<<<<

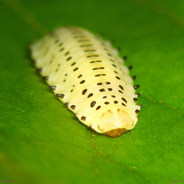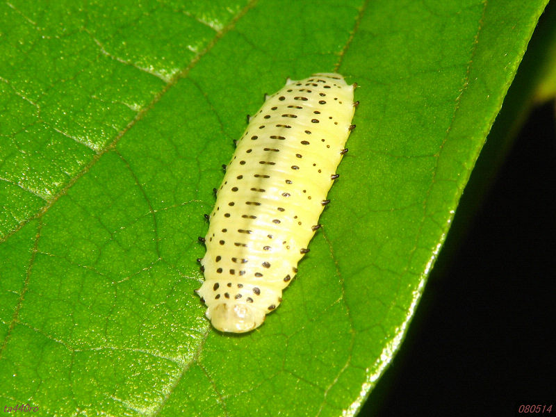 >平べったい幼虫、体の端っこは突起状になってますね
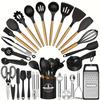 Silikon Küchenutensilien Set vom Chefkoch, 34-teiliges hitzebeständiges Küchenhelfer und Werkzeug mit Reibe, Holzgriffe für Antihaft-Kochgeschirr
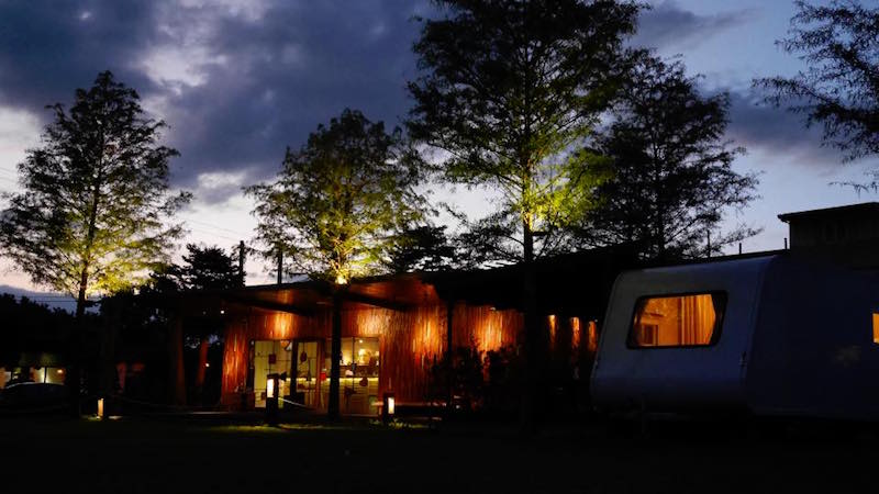 ▼每台露營車旁邊都有一處室外空間,這個平台擁有遮陽的屋頂,坐在屋外欣賞風景實在是人生一大樂事。
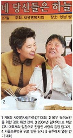 가난하고 어려운 이웃들의 30년 지기이자 가족 '새생명복지회'복지회의 개명은 회원들 개개인에게도 신선한 자극이 되고 있는 듯하다. 지난 10월에는 추석 연휴까지 반납하고 태풍 나리 내습으로 폐허가 되다시피 한 제주도 지역을 찾아 복구 작업을 하는 자원봉사자들을 도와 수재민들에게 식사와 간식을 대접했다. 또 주택 침수로 집이 무너져 발을 구르고 있는 독거노인들이 있다는 소식에 팔을 걷어붙이고 나서 집수리와 도배를 해드려 다섯 명의 노인들에게 큰 힘이 되어 주었다고 한다. 회원들의 이심전심은 국경도 훌쩍 뛰어넘었다. 같은 10월 페루 리마지부 회원들은 유례 없는 강진으로 폐허가 된 페루 이카 주(州)의 한 도시를 찾아가 이재민들에게 희망과 용기를 전하기도 했다니 말이다.
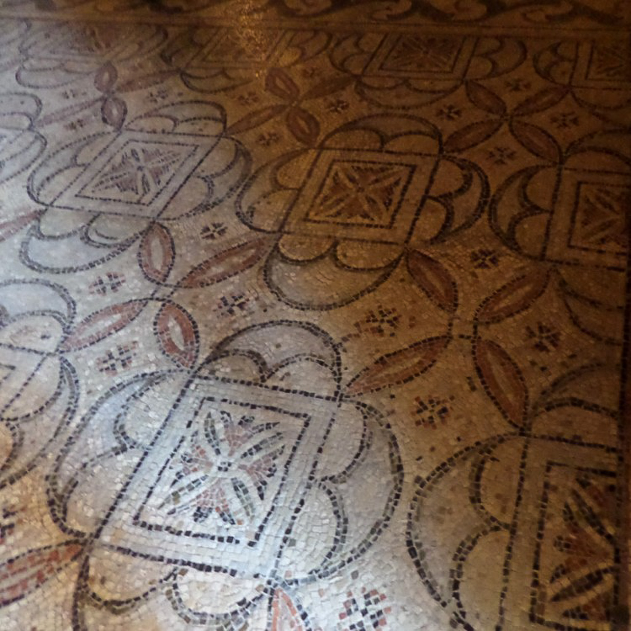 Larger view of the mosaic floor pattern of the Basilica San Vitale (Basilica of St. Vitale; Church of Saint Vitale) in Ravenna, Italy. The church's mosaics are some of the most-studied works in Byzantine art.

>>>>

Reproduce the listing exactly. Leave its pictures out.

 >平べったい幼虫、体の端っこは突起状になってますね
 Silikon Küchenutensilien Set vom Chefkoch, 34-teiliges hitzebeständiges Küchenhelfer und Werkzeug mit Reibe, Holzgriffe für Antihaft-Kochgeschirr
 ▼每台露營車旁邊都有一處室外空間,這個平台擁有遮陽的屋頂,坐在屋外欣賞風景實在是人生一大樂事。
 가난하고 어려운 이웃들의 30년 지기이자 가족 '새생명복지회'복지회의 개명은 회원들 개개인에게도 신선한 자극이 되고 있는 듯하다. 지난 10월에는 추석 연휴까지 반납하고 태풍 나리 내습으로 폐허가 되다시피 한 제주도 지역을 찾아 복구 작업을 하는 자원봉사자들을 도와 수재민들에게 식사와 간식을 대접했다. 또 주택 침수로 집이 무너져 발을 구르고 있는 독거노인들이 있다는 소식에 팔을 걷어붙이고 나서 집수리와 도배를 해드려 다섯 명의 노인들에게 큰 힘이 되어 주었다고 한다. 회원들의 이심전심은 국경도 훌쩍 뛰어넘었다. 같은 10월 페루 리마지부 회원들은 유례 없는 강진으로 폐허가 된 페루 이카 주(州)의 한 도시를 찾아가 이재민들에게 희망과 용기를 전하기도 했다니 말이다.
 Larger view of the mosaic floor pattern of the Basilica San Vitale (Basilica of St. Vitale; Church of Saint Vitale) in Ravenna, Italy. The church's mosaics are some of the most-studied works in Byzantine art.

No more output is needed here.